THE PLANNING BOARD DID NOT HAVE THE AUTHORITY TO WAIVE OR IGNORE THE REQUIREMENTS OF THE VILLAGE ZONING CODE; THE SPECIAL USE PERMIT SHOULD NOT HAVE BEEN ISSUED AND THE SITE PLAN SHOULD NOT HAVE BEEN APPROVED (SECOND DEPT). ​

The Second Department determined the planning board abused its discretion in issuing a special permit and approving a site plan for a plant nursery and arborist business. To issue the special permit, the planning board improperly waived a requirement that the business have frontage and access to two major roads.
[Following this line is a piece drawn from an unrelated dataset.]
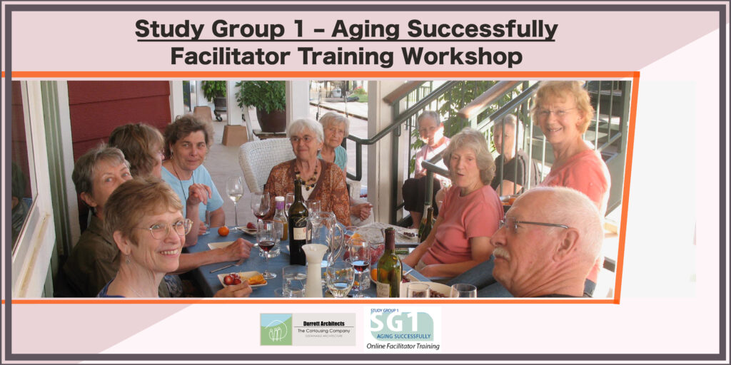 The SG1 Facilitator Training offers experiential learning on aging issues and demonstrates the logistics of creating a supportive housing community. Limited to 20 people, the course allows for one-on-one dialogue and small group exercises, given at a pace tailored to each and every one involved. Participants will learn how to organize and motivate senior groups to take an active role in their housing choices. SG1 is the number one way to get seniors conscious of the issues, out of denial, and proactive enough to consider senior cohousing. It is often said that if you ask 100 random seniors, would you consider senior cohousing, maybe one will say yes. If you ask 100 seniors who have taken Study Group One, 40 will say yes.

The approve the site plan, the planning board which violated the village zoning law:

One of the requirements of the special use permit at issue was that the arborist service, landscape services and/or wholesale nursery “shall have frontage on and practical access to two major roads” (Code of the Village of Wesley Hills [hereinafter Village Code] § 230-26[N][2]). Here, the Planning Board abused its discretion by waiving this requirement and deeming “practical access” to a second major road unnecessary. …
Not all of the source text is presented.